• **Listed records**
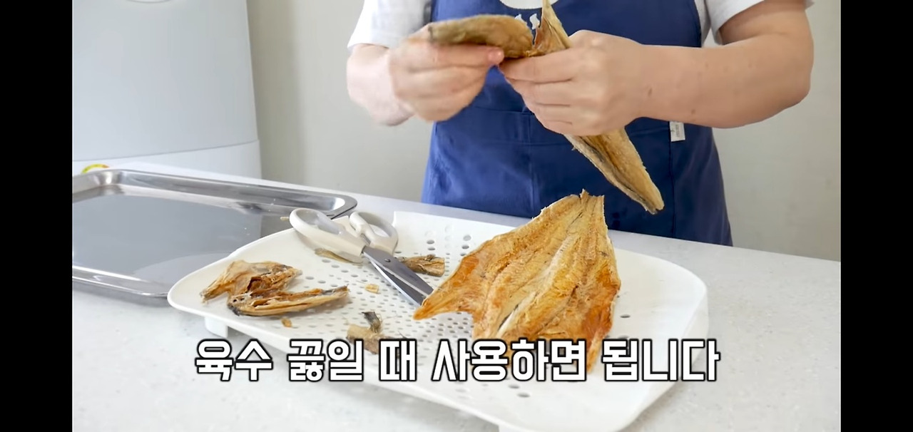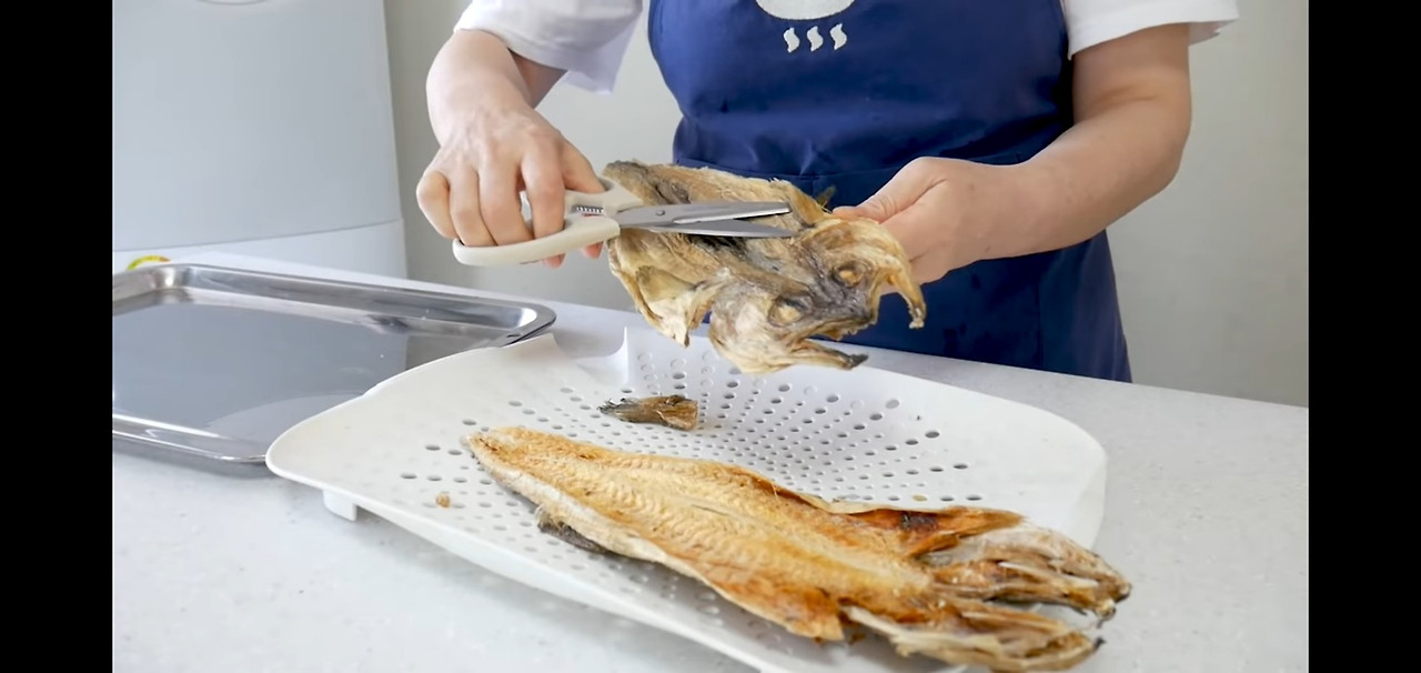 먼저, 드실 때 불편함을 줄 수 있는 황태의 지느러미와 꼬리 부분을 가위로 잘라 깔끔하게 정리해 주세요.
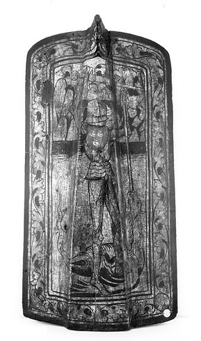 중세 유럽의 전쟁에서 궁병이나 쇠뇌병들이 사용한 대형방패의 일종. 저기 방패 가운데에 있는 툭 튀어나온 부분은 말뚝을 땅에 박고 쉽게 고정시킬 수 있게 만들어진 홈이다.
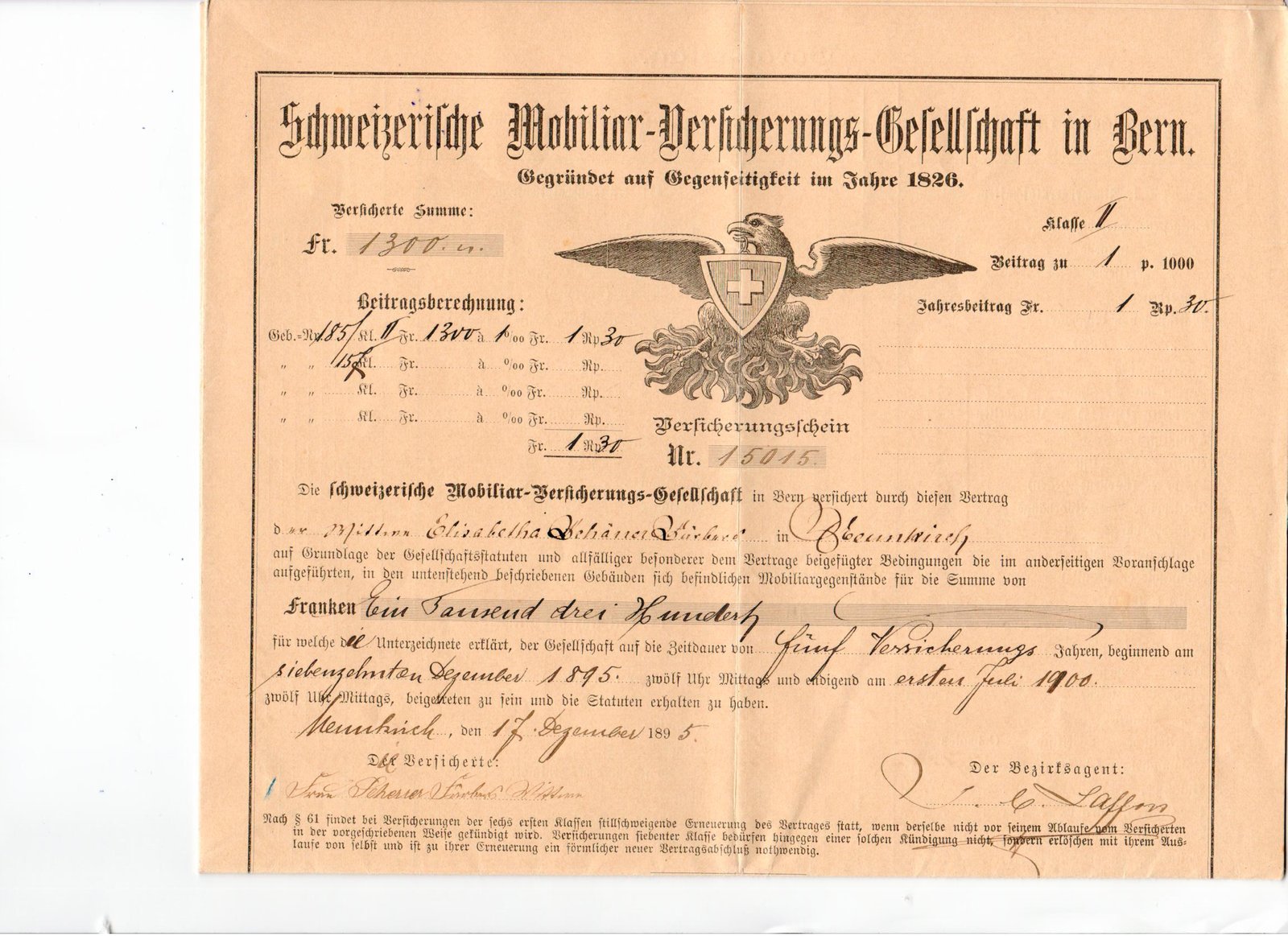 1869 übernimmt die Mobiliar die Haftung für die Explosion des Dampfschiffs «Rheinfall» bei Berlingen, bei der fünf Menschen sterben. Die Mobiliar zahlt der Dampfschiffverwaltung 78‘000 Franken aus. Gehoben und repariert, verkehrt das Schiff unter dem Namen «Neptun» bis 1939, auf Untersee und Rhein.
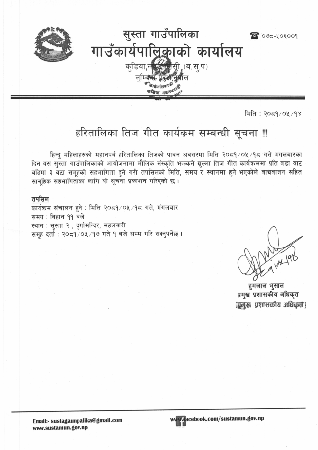 हरितालिका तिज गीत कार्यक्रम सम्बन्धी सूचना !!!
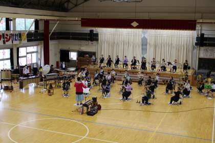 本日合奏部は県大会です。学校で練習中です。結果は金賞・優良賞受賞、お見事全国大会出場です。11月6日に千葉県で行われます。おめでとう!!

• **Exercise brief**
Please print all the entries exactly as written, but drop the pictures.

• **Task answer**
 먼저, 드실 때 불편함을 줄 수 있는 황태의 지느러미와 꼬리 부분을 가위로 잘라 깔끔하게 정리해 주세요.
 중세 유럽의 전쟁에서 궁병이나 쇠뇌병들이 사용한 대형방패의 일종. 저기 방패 가운데에 있는 툭 튀어나온 부분은 말뚝을 땅에 박고 쉽게 고정시킬 수 있게 만들어진 홈이다.
 1869 übernimmt die Mobiliar die Haftung für die Explosion des Dampfschiffs «Rheinfall» bei Berlingen, bei der fünf Menschen sterben. Die Mobiliar zahlt der Dampfschiffverwaltung 78‘000 Franken aus. Gehoben und repariert, verkehrt das Schiff unter dem Namen «Neptun» bis 1939, auf Untersee und Rhein.
 हरितालिका तिज गीत कार्यक्रम सम्बन्धी सूचना !!!
 本日合奏部は県大会です。学校で練習中です。結果は金賞・優良賞受賞、お見事全国大会出場です。11月6日に千葉県で行われます。おめでとう!!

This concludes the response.